◆ **Data provided**:
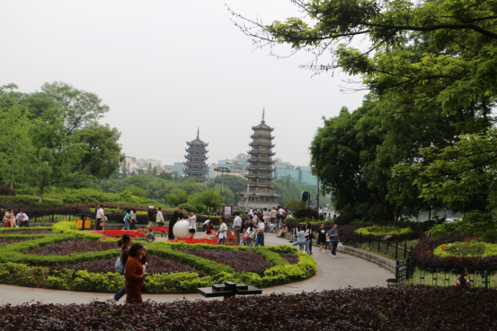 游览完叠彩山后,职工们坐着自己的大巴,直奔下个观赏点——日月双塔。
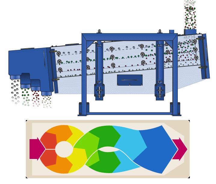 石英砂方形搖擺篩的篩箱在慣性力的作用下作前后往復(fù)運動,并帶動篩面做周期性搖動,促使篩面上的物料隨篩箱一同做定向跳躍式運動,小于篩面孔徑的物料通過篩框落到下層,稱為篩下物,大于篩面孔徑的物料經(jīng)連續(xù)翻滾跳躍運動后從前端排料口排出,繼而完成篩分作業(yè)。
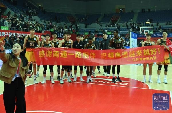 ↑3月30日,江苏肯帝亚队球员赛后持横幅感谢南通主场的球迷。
--
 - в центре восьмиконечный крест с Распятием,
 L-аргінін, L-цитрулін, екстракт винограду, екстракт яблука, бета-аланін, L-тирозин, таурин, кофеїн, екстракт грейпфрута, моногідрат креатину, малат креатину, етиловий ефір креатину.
---
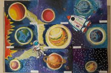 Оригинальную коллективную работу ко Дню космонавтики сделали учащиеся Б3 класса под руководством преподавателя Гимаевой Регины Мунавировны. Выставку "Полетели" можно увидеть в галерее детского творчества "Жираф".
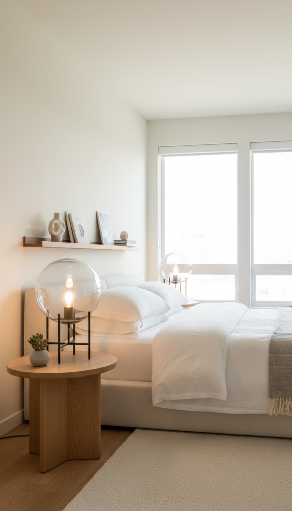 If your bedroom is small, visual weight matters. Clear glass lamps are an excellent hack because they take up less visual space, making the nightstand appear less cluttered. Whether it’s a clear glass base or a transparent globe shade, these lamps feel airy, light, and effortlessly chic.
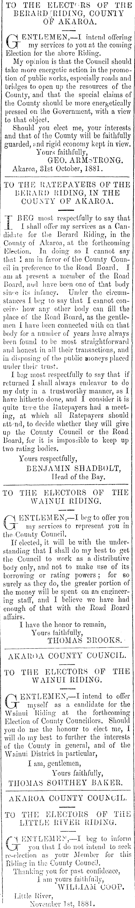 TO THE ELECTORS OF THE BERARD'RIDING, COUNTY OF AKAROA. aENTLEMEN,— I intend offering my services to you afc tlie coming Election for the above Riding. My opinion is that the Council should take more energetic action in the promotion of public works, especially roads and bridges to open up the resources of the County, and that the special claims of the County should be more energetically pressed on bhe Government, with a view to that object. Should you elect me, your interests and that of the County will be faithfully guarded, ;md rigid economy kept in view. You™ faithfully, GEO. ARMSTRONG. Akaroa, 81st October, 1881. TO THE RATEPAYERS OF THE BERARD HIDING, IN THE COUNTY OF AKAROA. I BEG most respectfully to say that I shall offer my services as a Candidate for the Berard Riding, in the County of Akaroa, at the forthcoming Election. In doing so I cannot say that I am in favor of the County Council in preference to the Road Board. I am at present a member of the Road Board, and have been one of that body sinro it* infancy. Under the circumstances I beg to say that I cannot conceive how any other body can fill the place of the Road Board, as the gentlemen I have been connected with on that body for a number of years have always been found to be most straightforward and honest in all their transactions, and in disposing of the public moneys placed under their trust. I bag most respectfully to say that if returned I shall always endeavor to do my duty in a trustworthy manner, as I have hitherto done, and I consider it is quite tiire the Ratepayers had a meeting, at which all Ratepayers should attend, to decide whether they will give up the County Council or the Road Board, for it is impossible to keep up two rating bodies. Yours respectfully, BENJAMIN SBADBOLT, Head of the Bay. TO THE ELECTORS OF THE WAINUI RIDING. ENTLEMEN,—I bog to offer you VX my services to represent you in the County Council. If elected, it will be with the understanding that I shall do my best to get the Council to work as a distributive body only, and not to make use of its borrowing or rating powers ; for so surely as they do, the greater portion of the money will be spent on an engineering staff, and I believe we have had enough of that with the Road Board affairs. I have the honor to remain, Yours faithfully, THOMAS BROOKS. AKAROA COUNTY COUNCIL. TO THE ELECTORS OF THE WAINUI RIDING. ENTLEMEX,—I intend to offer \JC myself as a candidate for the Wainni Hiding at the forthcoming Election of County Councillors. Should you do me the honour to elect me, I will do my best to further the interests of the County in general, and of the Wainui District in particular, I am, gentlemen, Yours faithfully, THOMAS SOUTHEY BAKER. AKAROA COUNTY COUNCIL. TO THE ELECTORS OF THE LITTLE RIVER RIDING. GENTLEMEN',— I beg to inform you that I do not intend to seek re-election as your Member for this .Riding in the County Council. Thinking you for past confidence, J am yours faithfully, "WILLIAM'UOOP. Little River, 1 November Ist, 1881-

◆ **Task to carry out**:
Working from the records above, write out verbatim only the lines from the line containing "- в центре восьмиконечный" through the line containing "L-аргінін, L-цитрулін, екстракт".

◆ **Output below**:
 - в центре восьмиконечный крест с Распятием,
 L-аргінін, L-цитрулін, екстракт винограду, екстракт яблука, бета-аланін, L-тирозин, таурин, кофеїн, екстракт грейпфрута, моногідрат креатину, малат креатину, етиловий ефір креатину.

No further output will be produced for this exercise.